We also found that most approaches are flexible, meaning that they can be used to counter different forms of code injection. For example, ISR and whitelisting have been applied to counter all kinds of code injection attacks. This is not the case though with lexical analysis, which is used only to detect binary code injection vulnerabilities.

Approaches can be interdependent and they can borrow heavily from others. Consider for instance runtime tainting and data-flow analysis. Both examine the flow of data but in different ways: the former does so dynamically and the latter statically. For this reason though, methods can also share the same disadvantages. For example, the state explosion issue appears in both model checking and symbolic execution.

Currently, most defenses target a small number of attacks, but this will probably change in the future. Specifically, a large amount of work has been done to prevent either SQL and JavaScript-driven injection attacks. This makes sense, because these attacks are very common and can have a large impact. Less effort has been put to develop approaches that can defend against XPath or XML injection attacks. As a result, there are few corresponding defenses. Similarly, there is only one documented mechanism designed to detect PHP injection attacks, PHP Aspis, and only one that prevents NoSQL injection attacks, Diglossia.

Attacks and defenses are likely to evolve in the coming years.
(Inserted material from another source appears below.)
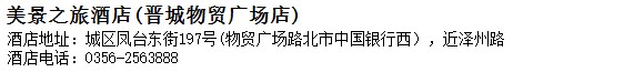 酒店地址:晉城 城區 鳳臺東街197號(物貿廣場路北市中國銀行西),近澤州路

The driver will be new threats, such as the PHP Object Injection (POI) (Dahse, Krein & Holz, 2014) attack, and Cross-Channel Scripting (XCS), both discussed in ‘Emerging Challenges’ Apart from the above, attackers seem to continuously find new ways to introduce malicious code to applications by using a variety of languages and techniques as we observed earlier (see ‘Code Injection Attacks’ and ‘Emerging Challenges’. Besides, there are several recent attempts to perform code injection on mobile applications (Bao et al., 2017; Jin et al., 2014) which will potentially lead to the development of context-aware defenses. We hope that our categorization, our analysis, and the findings of our research, will aid researchers and practitioners to further study the code injection problem and develop more robust and effective defenses.

Also known in statistics as type I and type Ii errors (Peck & Devore, 2010).